The ``step_results`` in the ``execution_record.yaml`` are also shorter in this case.

.. code-block:: yaml

  original:
    version: 0.0.1
    args: {work_dir: .}
    prototype:
      image: ninjaben/fizzbuzz:test
      volumes: {$work_dir: /work}
    steps:
    - name: classify
      command: [/work/classify_in.txt, /work/classify_out.txt, classify]
      match_done: [classify_out.txt]
      match_in: [classify_in.txt]
      match_out: [classify_out.txt]
    - name: filter fizz
      command: [/work/classify_out.txt, /work/filter_fizz_out.txt, filter, --substring, fizz]
      match_done: [filter_fizz_out.txt]
      match_in: [classify_out.txt]
      match_out: [filter_fizz_out.txt]
    - name: filter buzz
      command: [/work/filter_fizz_out.txt, /work/filter_buzz_out.txt, filter, --substring, buzz]
      match_done: [filter_buzz_out.txt]
      match_in: [filter_fizz_out.txt]
      match_out: [filter_buzz_out.txt]
  amended:
    version: 0.0.1
    args: {work_dir: ./my/work}
    prototype:
      image: ninjaben/fizzbuzz:test
      volumes: {./my/work: /work}
    steps:
      - name: classify
        image: ninjaben/fizzbuzz:test
        command: [/work/classify_in.txt, /work/classify_out.txt, classify]
        volumes: {./my/work: /work}
        match_done: [classify_out.txt]
        match_in: [classify_in.txt]
        match_out: [classify_out.txt]
      - name: filter fizz
        image: ninjaben/fizzbuzz:test
        command: [/work/classify_out.txt, /work/filter_fizz_out.txt, filter, --substring, fizz]
        volumes: {./my/work: /work}
        match_done: [filter_fizz_out.txt]
        match_in: [classify_out.txt]
        match_out: [filter_fizz_out.txt]
      - name: filter buzz
        image: ninjaben/fizzbuzz:test
        command: [/work/filter_fizz_out.txt, /work/filter_buzz_out.txt, filter, --substring, buzz]
        volumes: {./my/work: /work}
        match_done: [filter_buzz_out.txt]
        match_in: [filter_fizz_out.txt]
        match_out: [filter_buzz_out.txt]
  timing: {start: '2023-03-22T20:49:16.229881+00:00', finish: '2023-03-22T20:49:16.232928+00:00', duration: 0.003047}
  step_results:
    - name: classify
      timing: {start: '2023-03-22 20:49:16.230342+00:00'}
      files_done:
        ./my/work: {classify_out.txt: 'sha256:5038b8da5a03357397abcd9661dd19bf4ece2d14322e86a7461dda11866d842c'}
      skipped: true
    - name: filter fizz
      timing: {start: '2023-03-22 20:49:16.231499+00:00'}
      files_done:
        ./my/work: {filter_fizz_out.txt: 'sha256:d1b54ec5994f1c23df98986929c1cd44a991b39b60d7e610752d84f370916739'}
      skipped: true
    - name: filter buzz
      timing: {start: '2023-03-22 20:49:16.232366+00:00'}
      files_done:
        ./my/work: {filter_buzz_out.txt: 'sha256:238ca7760c45f60dc0826b18cbd245749e0f3bc054c728297132300c5f386141'}
      skipped: true

The ``step_results`` now have ``skipped: true`` to record the fact that they were not re-executed.
They also have ``files_done`` recording matches to their ``match_done`` patterns.

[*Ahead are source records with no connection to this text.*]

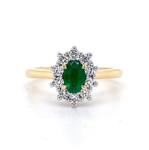 18ct Yellow Gold & Platinum, 0.50ct Emerald & Diamond Cluster Ring
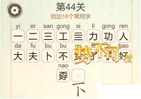 以上便是《聪明开局吧》第44关“功夫不好”找出18个常用字的详细攻略。希望这份拆解思路能帮你顺利过关。想获取更多关卡攻略,记得持续关注本站的更新!
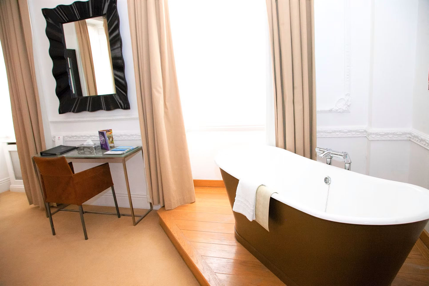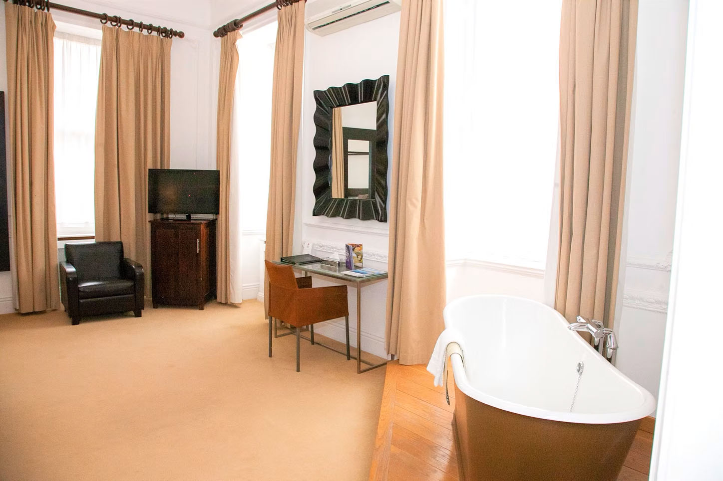 Every room also includes cozy beds, wardrobe space, tea and coffee facilities, hairdryer, iron and ironing board, desk and chair, flat-screen TV, telephone, dressing gowns, bespoke toiletries, a safe, and an en-suite bathroom or shower room, each with its own unique character.

We can do another simple audit to check whether skipping was a good idea.
Search again for the text ``sha256:5038b8da``.
Note that the checksum appears again, under ``files_done`` for the "classify" step.
This tells us the output file *including its contents* are unchanged from the first execution.

If you have a pipeline with long-running steps, skipping re-execution with ``match_done`` might save you time and hassle.
You can use the recorded checksums to audit whether anything changed unexpectedly and/or confirm continuity between steps and pipeline runs.